[Stored items]
───

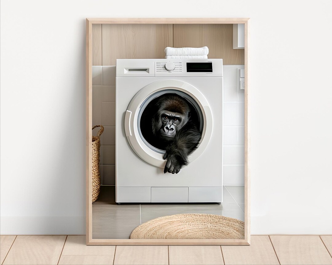 Gorilla in a Washing Machine, Poster or Canvas, Funny Bathroom Wall Art ...
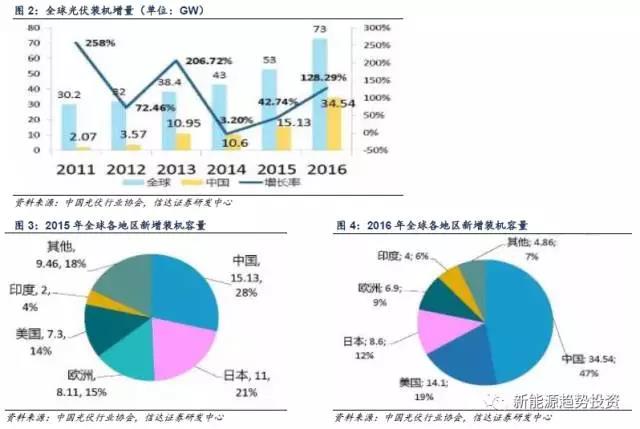 光伏市場(chǎng)空間仍很大,但增速將趨緩。2016年,光伏全年發(fā)電量達(dá)到662億千瓦時(shí),占總發(fā)電量的1.1%,比2015年增加0.43個(gè)百分點(diǎn),比2013年增加0.95個(gè)百分點(diǎn)??梢?jiàn)我國(guó)光伏發(fā)電比重在不斷上升。2013年-2016年,我國(guó)電力能源結(jié)構(gòu)發(fā)生了較大的變化,火力發(fā)電量所占比重下降了7%。根據(jù)《可再生能源發(fā)展“十三五”規(guī)劃》,到2020年,非化石能源占一次能源消費(fèi)比重的15%;到2030年,非化石能源占一次能源消費(fèi)比重的20%。為達(dá)成此目標(biāo),我們預(yù)計(jì)火力發(fā)電所占比例將進(jìn)一步下降,太陽(yáng)能等清潔能源發(fā)電所占比例將不斷提高,這意味著中國(guó)光伏產(chǎn)業(yè)仍有較大的空間。另一方面,2016年底,國(guó)家能源局發(fā)布了《太陽(yáng)能發(fā)展十三五規(guī)劃》,規(guī)劃中指出了未來(lái)幾年太陽(yáng)能發(fā)展方向?!兑?guī)劃》中提出了到2020年光伏發(fā)電電價(jià)水平在2015年基礎(chǔ)上下降50%以上,在用電側(cè)實(shí)現(xiàn)平價(jià)上網(wǎng)的目標(biāo),這意味著光伏行業(yè)降本壓力比較大。目前光伏行業(yè)降本已進(jìn)入關(guān)鍵期,再加上棄光限電等問(wèn)題急需解決,我們預(yù)計(jì)未來(lái)很難再出現(xiàn)裝機(jī)容量爆發(fā)性增長(zhǎng)的情況,增長(zhǎng)速度將會(huì)趨于平緩。
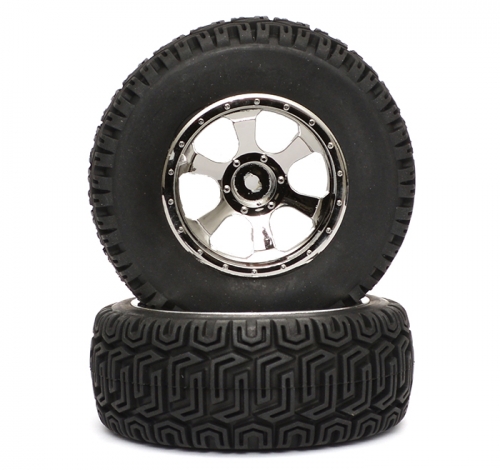 1/10 Short Course 6-spoke Wheel +Tire Set(1 pair) 6 Spoke Silver by Boom Racing
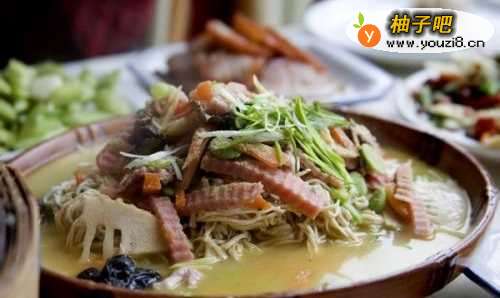 不能不吃盐水鸭的。南京嗜鸭之深,乃至有人说南京人前辈子都跟鸭子有仇。不管这个传言有没有根据,但是南京被称为“鸭都”却是实打实的名头。盐水鸭是南京有名的特产,久负盛名,据说至今已有一千多年的历史。南京盐水鸭皮白肉嫩、肥而不腻、鲜香美味,具有香、酥、嫩的特点。每年中秋前后的盐水鸭色味最佳,是因为鸭在桂花盛开季节制作,故美名日:桂花鸭。《白门食谱》记载:“金陵八月时期,盐水鸭最著名,人人以为肉内有桂花香也。”逢年过节或平日家中来客,上街去斩一碗盐水鸭,似乎已成了南京世俗的礼节。
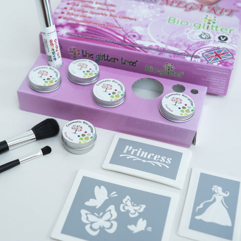 Introducing our sleek and newly designed Perfect Princess Biodegradable Glitter Tattoo Deluxe Kit
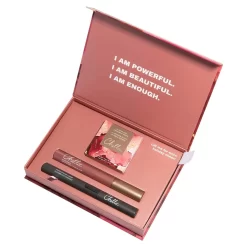 Keep it merry and bright this holiday season with the Chella Holiday Gift Box Set. Featuring your three must-have Chella products in a beautiful reusable box. This amazing set contains the Chella Mascara in black, the heated eyelash curler, and your choice of either the La Vie Travel eyeshadow palette or the Manifest Bronze eyeshadow palette. This perfect combo gives you the gift of perfectly coated lashes and stunning eyes so you can sleigh this holiday season.
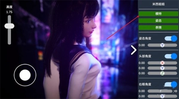 以右侧的示例人物为参照,我们能够对其肢体动作、面部神态以及穿着搭配进行调整。
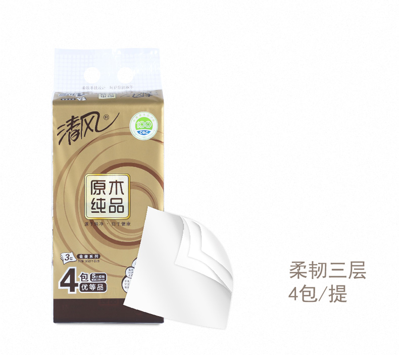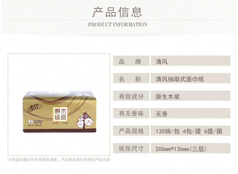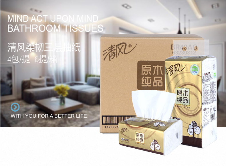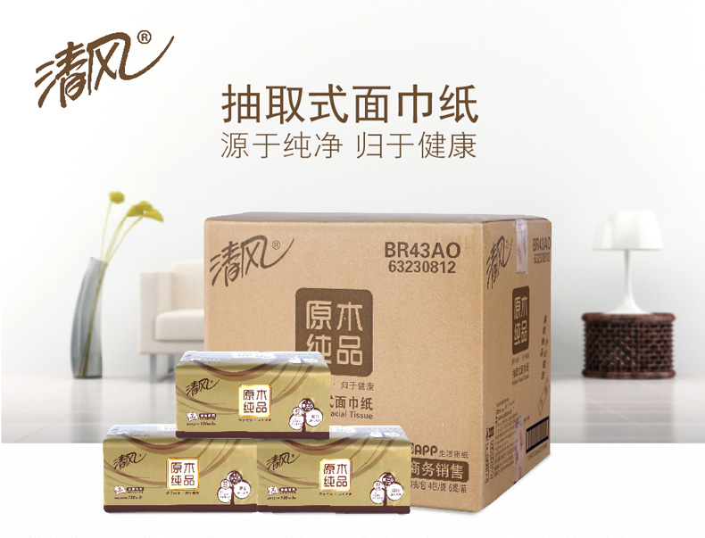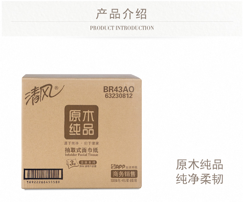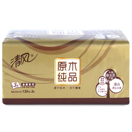 清风BR43AO1三层塑包面纸-130抽 136*206mm,3层,130抽
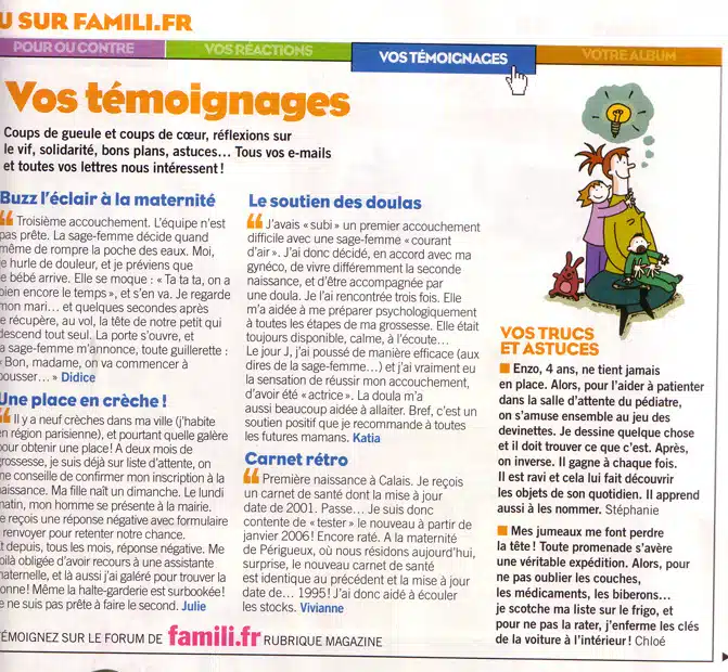 J’avais subi un premier accouchement difficile avec une sage-femme « courant d’air ». J’ai donc décidé, en accord avec ma gynéco, de vivre différemment la seconde naissance, et d’être accompagnée par une doula…
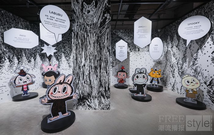展览共分为六大主题区域,观众可沉浸式感受THE MONSTERS的奇幻世界:“奇幻森林” 区域还原了LABUBU与精灵伙伴居住的奇幻森林场景,悄然现身的它们,陆续投递来俏皮的问候; “艺术回廊” 区域展出了艺术家龙家升的原画作品,呈现每个IP角色从概念到成型的完整过程,感受艺术家笔下的温度与奇想,回到THE MONSTERS艺术世界的原点;“手稿研究室” 则汇集百余张珍贵手稿,重现每件作品诞生的最初时刻;“光影游乐场” 在灯光渐暗之际,悄然开启一场妙趣横生的游戏,爱捣蛋的LABUBU于光影之间玩起了捉迷藏;“镜屋” 陈列了自2015年至今的THE MONSTERS公仔,镜面的多重反射构筑出虚实交织的视觉幻境,进一步展现无限延伸的艺术宇宙。此外,在户外广场上有来自THE MONSTERS家族的KING MON化身为6米高的雕塑,指向上海的地标建筑——东方明珠,等待着与你击掌相见;家族精灵们也调皮地趴在玻璃窗边,注视着来往的行人。
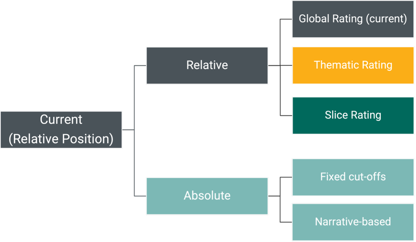 3. Absolute Thresholds: Narrative-based or fixed cutoffs for scores to create more predictable and stable ratings that can evolve over time.
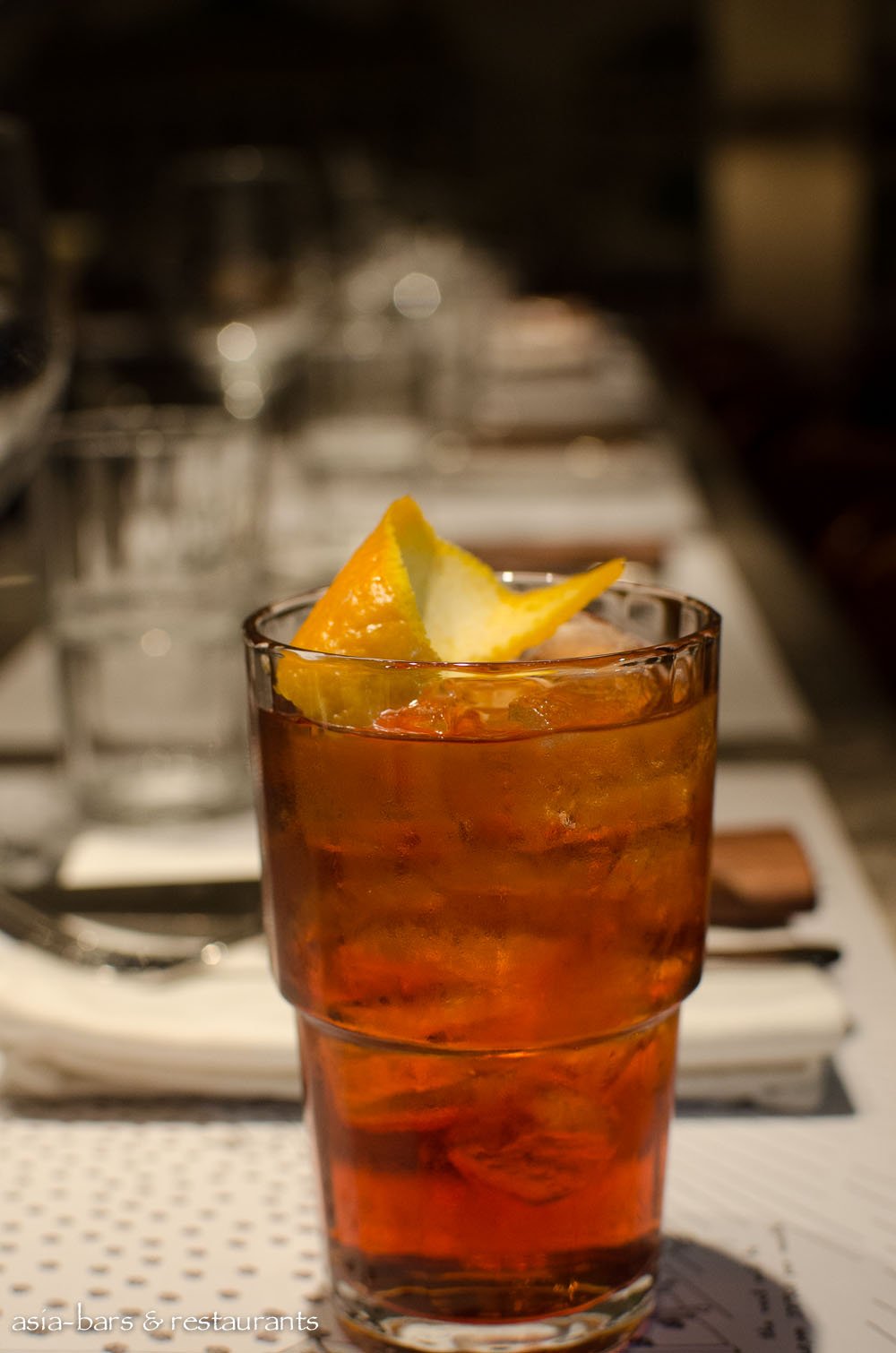 Le Boulevardier- Buffalo Trace Bourbon, Dolin Rouge Vermouth, Campari and orange bitters. A Negroni with a twist- using bourbon instead of gin.

───

Exercise requirements -
Go back to the records above and write them out exactly, without the pictures.

Expected answer -
 Gorilla in a Washing Machine, Poster or Canvas, Funny Bathroom Wall Art ...
 光伏市場(chǎng)空間仍很大,但增速將趨緩。2016年,光伏全年發(fā)電量達(dá)到662億千瓦時(shí),占總發(fā)電量的1.1%,比2015年增加0.43個(gè)百分點(diǎn),比2013年增加0.95個(gè)百分點(diǎn)??梢?jiàn)我國(guó)光伏發(fā)電比重在不斷上升。2013年-2016年,我國(guó)電力能源結(jié)構(gòu)發(fā)生了較大的變化,火力發(fā)電量所占比重下降了7%。根據(jù)《可再生能源發(fā)展“十三五”規(guī)劃》,到2020年,非化石能源占一次能源消費(fèi)比重的15%;到2030年,非化石能源占一次能源消費(fèi)比重的20%。為達(dá)成此目標(biāo),我們預(yù)計(jì)火力發(fā)電所占比例將進(jìn)一步下降,太陽(yáng)能等清潔能源發(fā)電所占比例將不斷提高,這意味著中國(guó)光伏產(chǎn)業(yè)仍有較大的空間。另一方面,2016年底,國(guó)家能源局發(fā)布了《太陽(yáng)能發(fā)展十三五規(guī)劃》,規(guī)劃中指出了未來(lái)幾年太陽(yáng)能發(fā)展方向?!兑?guī)劃》中提出了到2020年光伏發(fā)電電價(jià)水平在2015年基礎(chǔ)上下降50%以上,在用電側(cè)實(shí)現(xiàn)平價(jià)上網(wǎng)的目標(biāo),這意味著光伏行業(yè)降本壓力比較大。目前光伏行業(yè)降本已進(jìn)入關(guān)鍵期,再加上棄光限電等問(wèn)題急需解決,我們預(yù)計(jì)未來(lái)很難再出現(xiàn)裝機(jī)容量爆發(fā)性增長(zhǎng)的情況,增長(zhǎng)速度將會(huì)趨于平緩。
 1/10 Short Course 6-spoke Wheel +Tire Set(1 pair) 6 Spoke Silver by Boom Racing
 不能不吃盐水鸭的。南京嗜鸭之深,乃至有人说南京人前辈子都跟鸭子有仇。不管这个传言有没有根据,但是南京被称为“鸭都”却是实打实的名头。盐水鸭是南京有名的特产,久负盛名,据说至今已有一千多年的历史。南京盐水鸭皮白肉嫩、肥而不腻、鲜香美味,具有香、酥、嫩的特点。每年中秋前后的盐水鸭色味最佳,是因为鸭在桂花盛开季节制作,故美名日:桂花鸭。《白门食谱》记载:“金陵八月时期,盐水鸭最著名,人人以为肉内有桂花香也。”逢年过节或平日家中来客,上街去斩一碗盐水鸭,似乎已成了南京世俗的礼节。
 Introducing our sleek and newly designed Perfect Princess Biodegradable Glitter Tattoo Deluxe Kit
 Keep it merry and bright this holiday season with the Chella Holiday Gift Box Set. Featuring your three must-have Chella products in a beautiful reusable box. This amazing set contains the Chella Mascara in black, the heated eyelash curler, and your choice of either the La Vie Travel eyeshadow palette or the Manifest Bronze eyeshadow palette. This perfect combo gives you the gift of perfectly coated lashes and stunning eyes so you can sleigh this holiday season.
 以右侧的示例人物为参照,我们能够对其肢体动作、面部神态以及穿着搭配进行调整。
 清风BR43AO1三层塑包面纸-130抽 136*206mm,3层,130抽
 J’avais subi un premier accouchement difficile avec une sage-femme « courant d’air ». J’ai donc décidé, en accord avec ma gynéco, de vivre différemment la seconde naissance, et d’être accompagnée par une doula…
展览共分为六大主题区域,观众可沉浸式感受THE MONSTERS的奇幻世界:“奇幻森林” 区域还原了LABUBU与精灵伙伴居住的奇幻森林场景,悄然现身的它们,陆续投递来俏皮的问候; “艺术回廊” 区域展出了艺术家龙家升的原画作品,呈现每个IP角色从概念到成型的完整过程,感受艺术家笔下的温度与奇想,回到THE MONSTERS艺术世界的原点;“手稿研究室” 则汇集百余张珍贵手稿,重现每件作品诞生的最初时刻;“光影游乐场” 在灯光渐暗之际,悄然开启一场妙趣横生的游戏,爱捣蛋的LABUBU于光影之间玩起了捉迷藏;“镜屋” 陈列了自2015年至今的THE MONSTERS公仔,镜面的多重反射构筑出虚实交织的视觉幻境,进一步展现无限延伸的艺术宇宙。此外,在户外广场上有来自THE MONSTERS家族的KING MON化身为6米高的雕塑,指向上海的地标建筑——东方明珠,等待着与你击掌相见;家族精灵们也调皮地趴在玻璃窗边,注视着来往的行人。
 3. Absolute Thresholds: Narrative-based or fixed cutoffs for scores to create more predictable and stable ratings that can evolve over time.
 Le Boulevardier- Buffalo Trace Bourbon, Dolin Rouge Vermouth, Campari and orange bitters. A Negroni with a twist- using bourbon instead of gin.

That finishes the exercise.